Xiang Yuanbian (项元汴,1525–1590), also known by courtesy name Zijing (子京) and art name Molin (墨林), was a native of Jiaxing, Zhejiang Province. He was a prominent Ming dynasty collector and connoisseur of paintings and calligraphies.

== Life and work ==
Xiang was of short stature and plain appearance. He was born into a prosperous family of businesspeople, his family's wealth ranked among the top in the Jiangnan region. He was knowledgeable in appreciation and an avid collector of ancient bronze artifacts inscribed with text, stone steles, calligraphy works, and paintings.

His collection included works from a number of well-known calligraphers and painters from the Three Kingdoms, Jin, Tang, Song, and Yuan dynasties. He constructed the Tianlai Pavilion (天籁阁, Tianlai Ge) as a private museum for calligraphy and paintings. He frequently hosted appreciation events attended by elites, connoisseurs, literati, and artists of his time. Among his guests there were esteemed painters such as Wen Zhengming, Qiu Ying, and Dong Qichang.

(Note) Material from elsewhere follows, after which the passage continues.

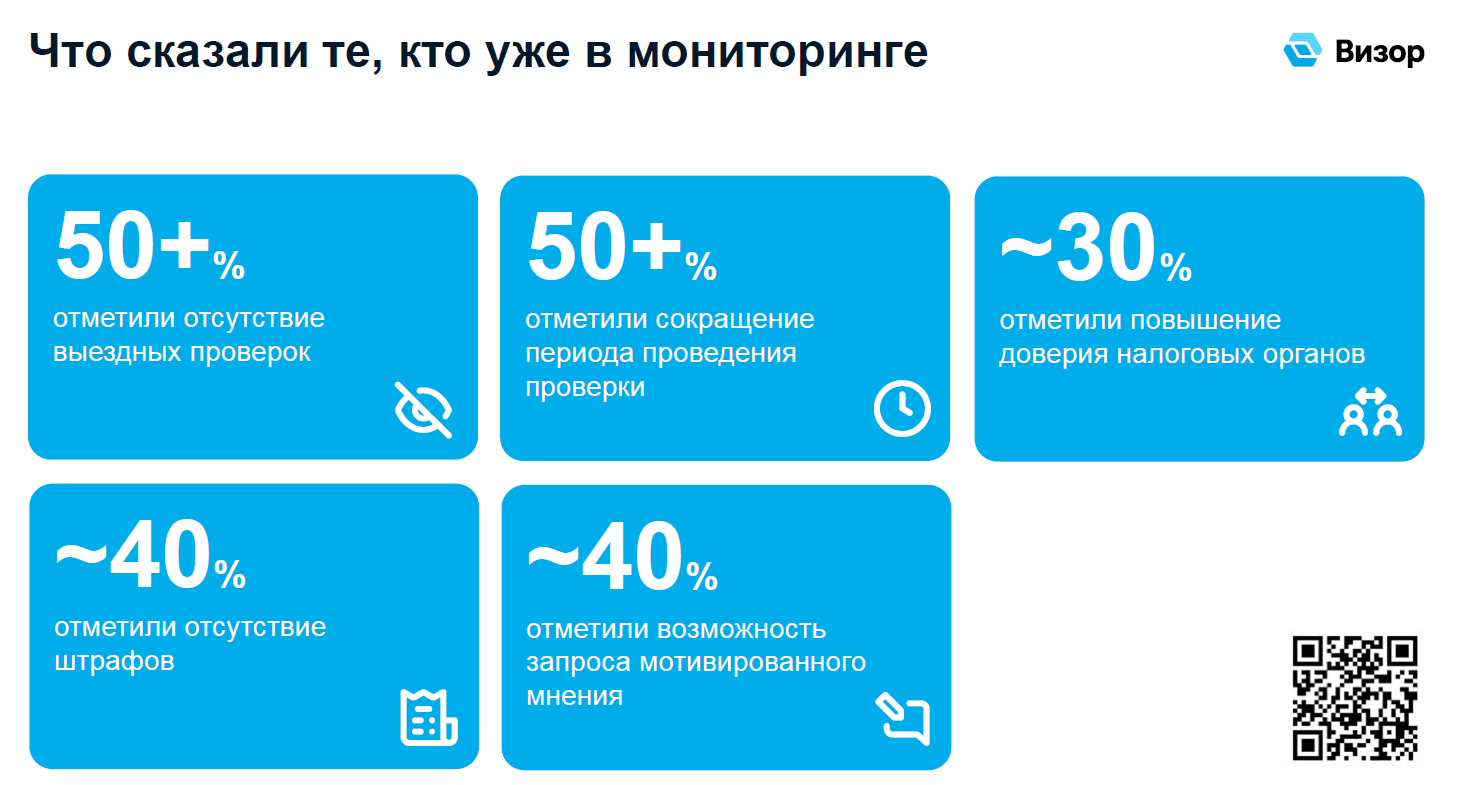 Согласно опросам, более 80% действующих участников полностью или частично удовлетворены режимом. Главными плюсами они называют отсутствие проверок, сокращение периода контроля и возможность урегулирования сложных вопросов через мотивированные мнения.

He had an obsession of stamping his collection seals on authentic works and marking their prices. For example, he stamped 98 seals on the calligraphy work Lantingji Xu by Chu Suiliang, and over 70 seals on the calligraphy work Huaisu's Autobiography by Huaisu. Such a practice was criticized by Ming and Qing scholars as excessive, profit-driven, and disrespectful to the authentic art works. Although it was commended by contemporary researchers that these markings provided critical information for the collection and trading of art works at Xiang's time.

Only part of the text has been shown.